## [Task description]
Every line below must come back exactly as it stands, with the images omitted.

## [Raw data]
--- START ---

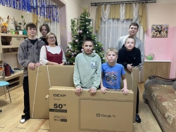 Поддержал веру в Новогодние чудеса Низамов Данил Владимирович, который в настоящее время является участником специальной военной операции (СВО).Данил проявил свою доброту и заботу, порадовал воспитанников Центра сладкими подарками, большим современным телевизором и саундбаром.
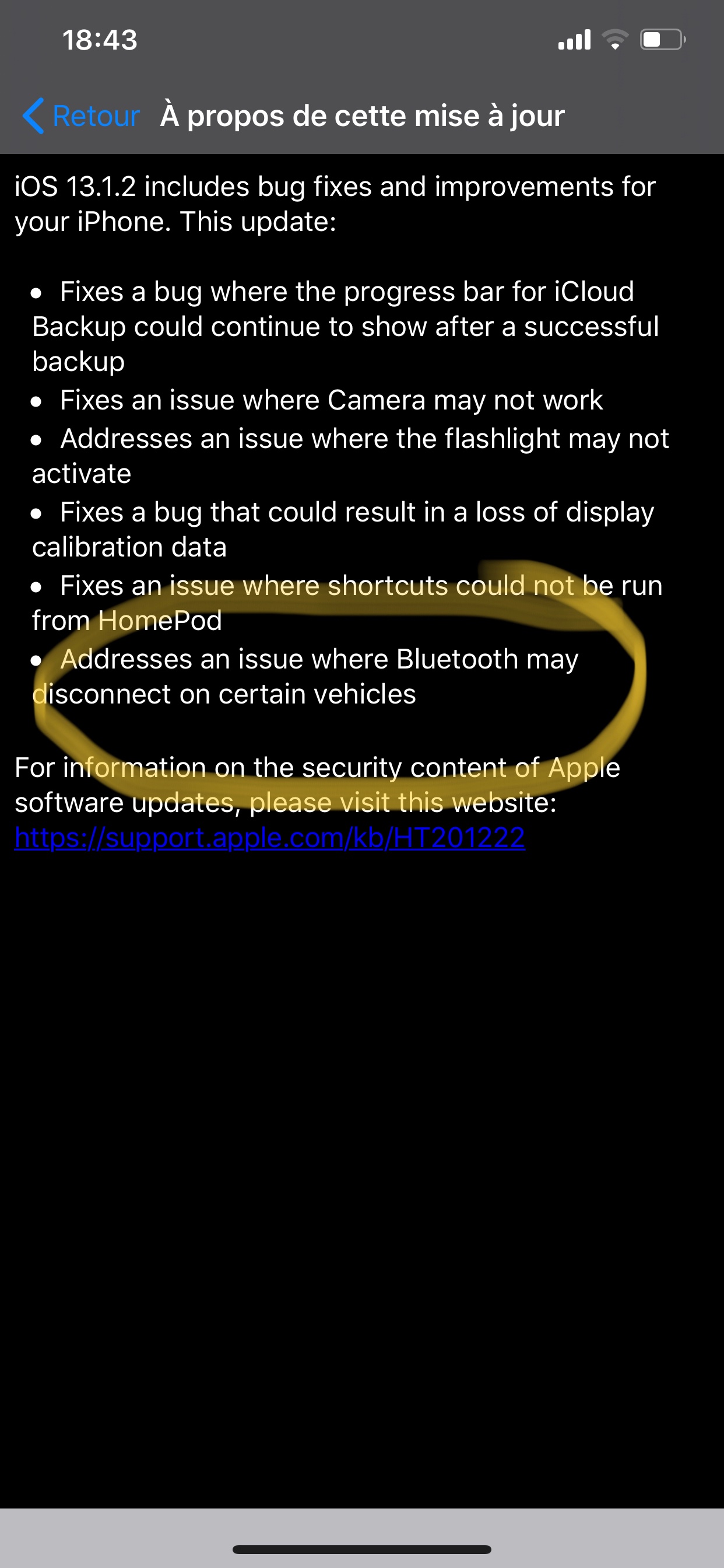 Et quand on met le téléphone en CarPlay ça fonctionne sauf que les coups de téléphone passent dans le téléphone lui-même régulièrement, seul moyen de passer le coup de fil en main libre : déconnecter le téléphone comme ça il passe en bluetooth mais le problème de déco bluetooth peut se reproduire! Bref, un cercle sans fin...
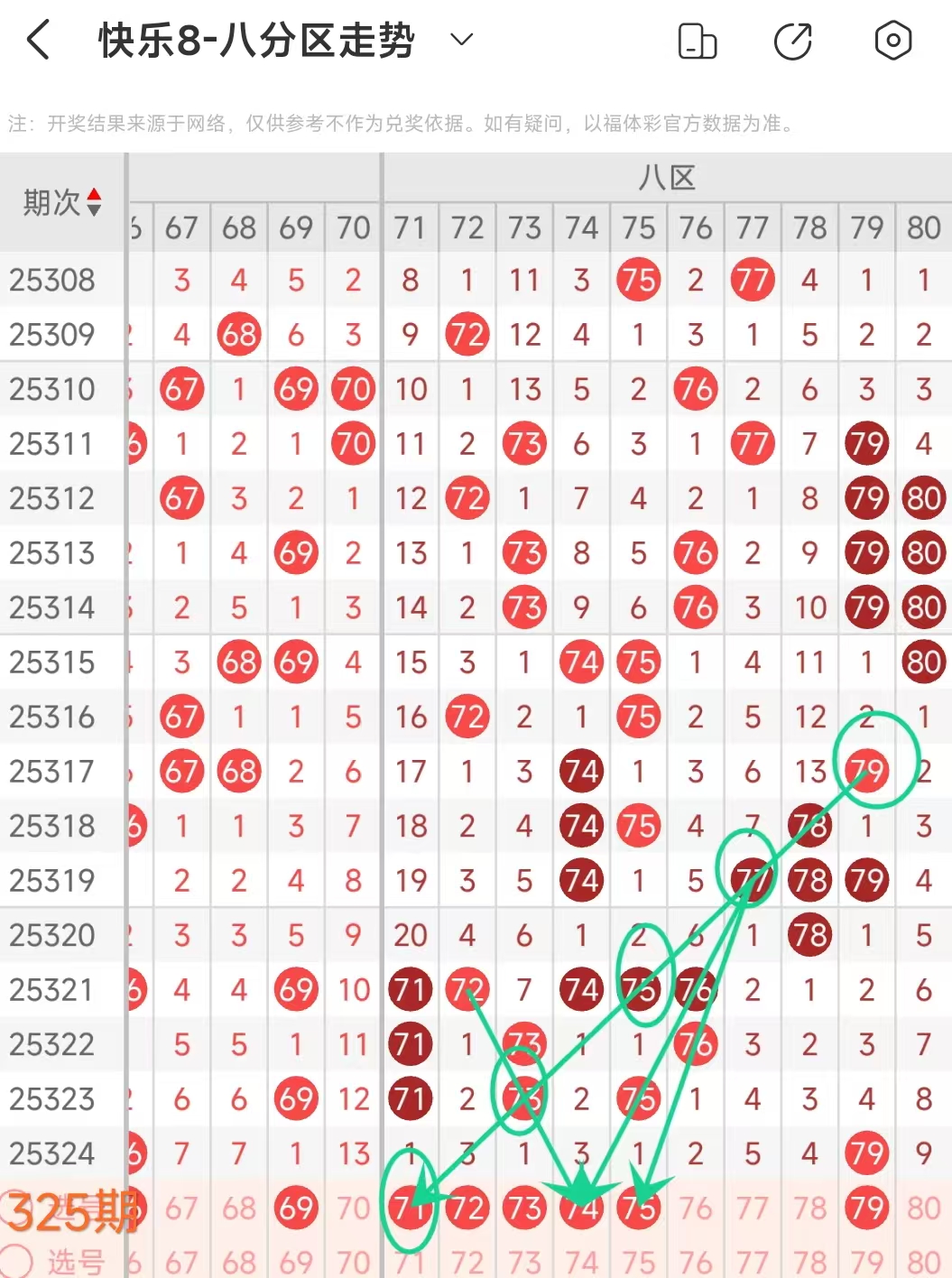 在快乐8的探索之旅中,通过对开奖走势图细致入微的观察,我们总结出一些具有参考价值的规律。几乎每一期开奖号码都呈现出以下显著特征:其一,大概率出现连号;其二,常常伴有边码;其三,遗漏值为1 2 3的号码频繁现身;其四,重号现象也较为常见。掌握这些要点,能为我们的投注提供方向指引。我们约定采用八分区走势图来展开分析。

--- END ---

## [Result of this task]
 Поддержал веру в Новогодние чудеса Низамов Данил Владимирович, который в настоящее время является участником специальной военной операции (СВО).Данил проявил свою доброту и заботу, порадовал воспитанников Центра сладкими подарками, большим современным телевизором и саундбаром.
 Et quand on met le téléphone en CarPlay ça fonctionne sauf que les coups de téléphone passent dans le téléphone lui-même régulièrement, seul moyen de passer le coup de fil en main libre : déconnecter le téléphone comme ça il passe en bluetooth mais le problème de déco bluetooth peut se reproduire! Bref, un cercle sans fin...
 在快乐8的探索之旅中,通过对开奖走势图细致入微的观察,我们总结出一些具有参考价值的规律。几乎每一期开奖号码都呈现出以下显著特征:其一,大概率出现连号;其二,常常伴有边码;其三,遗漏值为1 2 3的号码频繁现身;其四,重号现象也较为常见。掌握这些要点,能为我们的投注提供方向指引。我们约定采用八分区走势图来展开分析。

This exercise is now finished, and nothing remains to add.